As part of my Archmage setting, the eponymous archmages distinguish themselves from common wizardfolk by their ability to expand their spellcasting range over vast ranges... limited by line of sight.

For this reason, archmages like to build enormously tall towers and set up all of their ritual materials and spellcasting support apparatuses in a room at the very top.

This also makes assaulting an Archmage's Tower an interesting endeavour: First you must approach the tower in stealth or under cover to avoid the watchful eye of sentries atop the tower, then enter the lower levels and overcome all the challenges and defenses therein before confronting the wizard on the highest level.

Don't forget leg day! Those are an awful lot of stairs.

Now, to the central question of this post: What should the dimensions of a wizard's tower be? Assuming our medieval lack of material science is made up for by magically hardening stone, wood and iron, how tall and narrow can we make it and how much would such a thing cost to build? What other considerations need to be made?

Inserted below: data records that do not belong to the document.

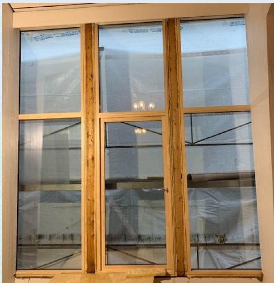
Nye vinduer i menighetssalen!

Nå gjenstår gang oppe med heis, ny garderobe og HC toalett, oppgradering av kjøkken og menighetssalen, kirkerom og utearealer. Vi håper pengene strekker til slik at kjøkkenet vil bli funksjonelt med nye maskiner, at skyvedør i menighetssalen blir reparert, at kirkerommet får nytt gulv og at kirkebenker blir byttet ut med stoler.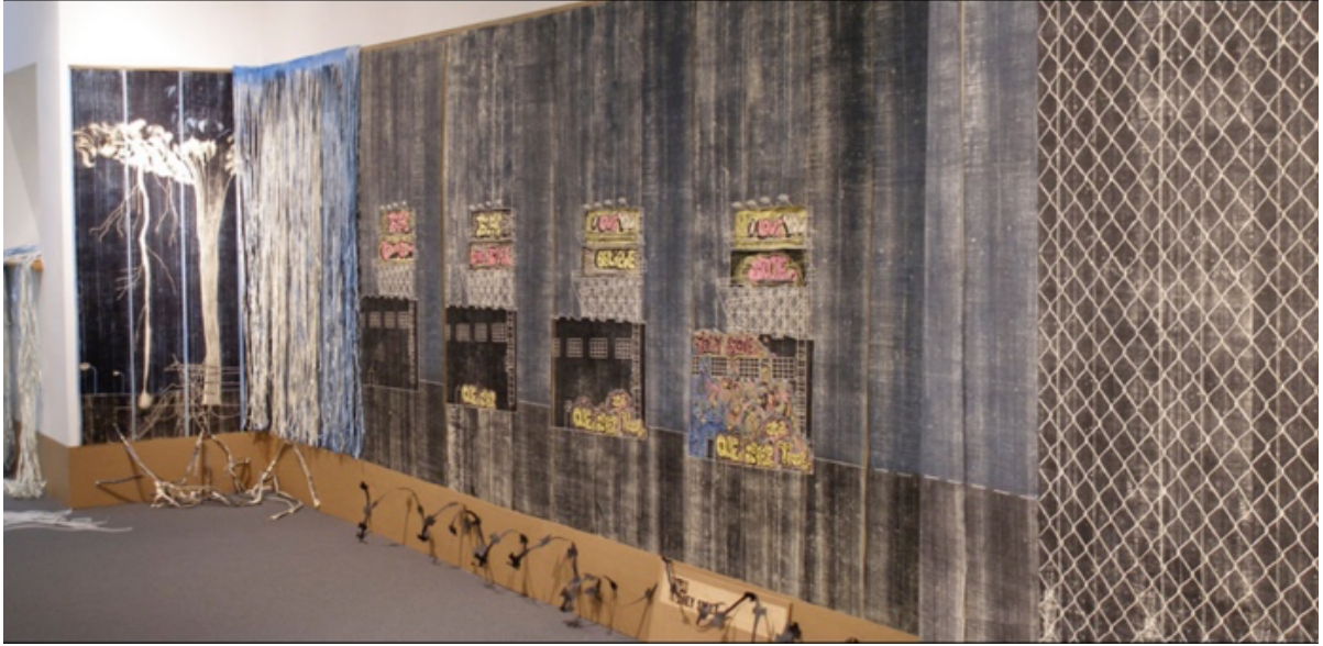
Görsel 3. Libby Hague, "Her Seferinde Bir Adım", 2009 ( http://www.libbyhague.com/step.html )

İzleyicilerin, enstalasyonun içinde, etrafında dolaşırken değişik perspektif ve açılardan farklı görüntülerle karşılaşması algı ve deneyimlerinin zenginleşmesine katkı sağlamaktadır. Sanatçının karakteristik sanatını ortaya çıkartan, tüketim kültürüne ve doğaya karşı sorumsuzluklara tepkisinin yanısıra, umut aşıl原因 toplumsal birliktelik ve ortak ideallere tutunma mesajları içeren çok katmanlı baskiresimleridir. Enstalasyonun orta alanında yer alan, tüm duvarları kaplayan büyük, siyah beyaz tahta baskılar kontrast yaratmaktadır. Hague kontrast yaratan büyük zemin baskılarına eklediği jiletli teller, tel örgüler, buruşturulmuş gri kağıt bulutlarla betimlenmiş yağmur fırtınaları ile güvencesizliğin gerilimini artırarak izleyiciyi distopik kent ortamına dahil etmektedir.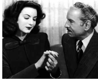
1945 LA DEVORADORA de Fernando de Fuentes avec Julio Villareal

This should give some reference - timeline of the three tallest structures in the world. From 2500 BC (the Great Pyramid of Giza) to 1888 (the Washington Monument) the tallest structures in the world had remained in the range of 150-170 meters tall.


Exactly how effective and expensive magical hardening is, is the question here. No, the number of hp/hardness don't answer it.

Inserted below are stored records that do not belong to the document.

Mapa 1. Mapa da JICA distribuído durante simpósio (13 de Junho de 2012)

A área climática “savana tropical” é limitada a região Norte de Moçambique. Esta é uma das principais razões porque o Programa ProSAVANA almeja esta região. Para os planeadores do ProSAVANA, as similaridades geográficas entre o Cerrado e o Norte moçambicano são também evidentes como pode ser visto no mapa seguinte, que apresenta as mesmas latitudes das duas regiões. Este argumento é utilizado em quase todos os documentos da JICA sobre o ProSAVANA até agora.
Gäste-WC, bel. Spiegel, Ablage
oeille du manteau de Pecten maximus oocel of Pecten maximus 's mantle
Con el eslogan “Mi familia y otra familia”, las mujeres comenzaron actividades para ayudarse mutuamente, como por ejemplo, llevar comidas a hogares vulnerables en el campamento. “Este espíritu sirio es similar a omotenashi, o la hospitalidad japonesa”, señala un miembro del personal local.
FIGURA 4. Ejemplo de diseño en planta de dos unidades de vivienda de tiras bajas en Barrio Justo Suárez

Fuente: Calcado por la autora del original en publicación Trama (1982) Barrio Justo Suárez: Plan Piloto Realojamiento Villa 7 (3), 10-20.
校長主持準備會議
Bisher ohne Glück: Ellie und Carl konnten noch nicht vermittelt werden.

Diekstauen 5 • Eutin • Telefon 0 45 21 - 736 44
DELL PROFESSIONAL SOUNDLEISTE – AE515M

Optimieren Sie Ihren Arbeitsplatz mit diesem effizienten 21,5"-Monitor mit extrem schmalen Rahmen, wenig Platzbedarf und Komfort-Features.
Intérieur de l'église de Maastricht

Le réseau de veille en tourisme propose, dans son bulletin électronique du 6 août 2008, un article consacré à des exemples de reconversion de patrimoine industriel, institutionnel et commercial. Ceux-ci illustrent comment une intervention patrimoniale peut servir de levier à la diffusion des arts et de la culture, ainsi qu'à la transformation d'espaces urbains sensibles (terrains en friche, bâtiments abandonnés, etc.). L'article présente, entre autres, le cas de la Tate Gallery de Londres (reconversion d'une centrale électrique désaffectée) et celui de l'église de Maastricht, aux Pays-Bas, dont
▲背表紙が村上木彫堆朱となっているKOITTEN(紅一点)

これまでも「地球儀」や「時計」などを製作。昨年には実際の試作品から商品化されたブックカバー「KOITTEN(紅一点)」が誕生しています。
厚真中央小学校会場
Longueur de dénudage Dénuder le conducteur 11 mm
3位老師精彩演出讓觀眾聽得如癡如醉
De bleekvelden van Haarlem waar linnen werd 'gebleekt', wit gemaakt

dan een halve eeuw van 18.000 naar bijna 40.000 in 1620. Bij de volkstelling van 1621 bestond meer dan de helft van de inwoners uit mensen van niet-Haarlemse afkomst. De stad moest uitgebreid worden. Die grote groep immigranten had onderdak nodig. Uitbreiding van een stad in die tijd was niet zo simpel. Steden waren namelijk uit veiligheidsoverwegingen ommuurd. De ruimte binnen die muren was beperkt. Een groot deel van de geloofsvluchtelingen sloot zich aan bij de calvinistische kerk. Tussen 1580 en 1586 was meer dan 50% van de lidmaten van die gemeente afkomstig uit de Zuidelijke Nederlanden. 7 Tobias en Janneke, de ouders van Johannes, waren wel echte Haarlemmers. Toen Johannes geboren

First of course you'd build at the top of a natural hill or mountain because that height is all but free. Failing that you'd build a motte (as in a motte-and-bailey castle). The latter gets up to ~100' tall.

With sufficient money you could get a 200' tall tower using medieval tech, easy. Why do you want it to be narrow, particularly?


Two reasons:

1. Wizard Towers as narrow spires are cool.

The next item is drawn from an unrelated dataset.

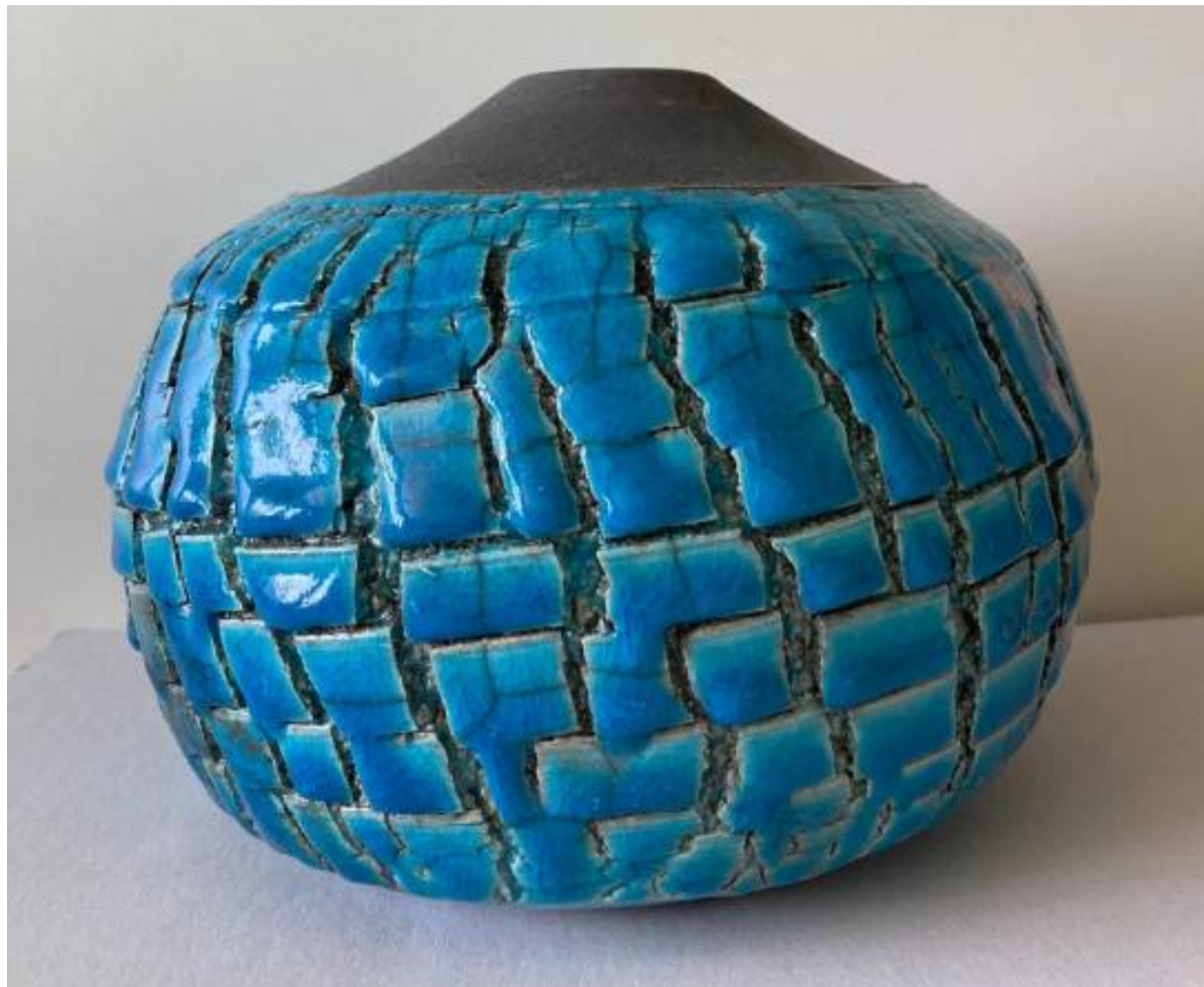
Terra crepata , 2021, grès , 16 x 20 cm

Carife (AV) - Cell. 3396103431 - www.brancaterrasinfiamma.it - Email: gaetano.branca@libero.it

2. To save on cost for magical hardening.

Grand Lodge

One of the old Judges Guild modules had a very nice layout for a wizard's tower. I wish I still had it.


If you assume that magical hardening doubles compressive strength, then if you can also control weather enough that there's no additional wind loading you can double the tower height. If you only reinforce selected structural bits you'd get less extra height but might drop the cost a lot.

RL big medieval-era towers seem to be about 1.5x as tall as their base length (they're much narrower at the top). Part of that would be wanting to fit a large number of people in the cathedral the tower is attached to though; eyeballing the pictures I think you could easily get 4x. Any additional magical hardening could extend height without adding to width.


Oh. Don't forget that ther should not be any staircases, especially in the upper floors. Minions shouldn't be up ther anyways, and you DO have access to magical flight after all.

Shadow Lodge

It doesn't need to be all that impressive.


Alexander S. Modeus wrote:
Oh. Don't forget that ther should not be any staircases, especially in the upper floors. Minions shouldn't be up ther anyways, and you DO have access to magical flight after all.

Telvanni-style!


I am now considering adding a property that can be applied to structures that fixes them not onto a foundation, but pins them to space itself (relative to the planet). Basically, each stone is its own immovable rod. Ancient towers may be shattered and broken, but largely still standing and often with disconnected levels of the tower just floating above ruins.

Hooray for ridiculous consequences of magical materials!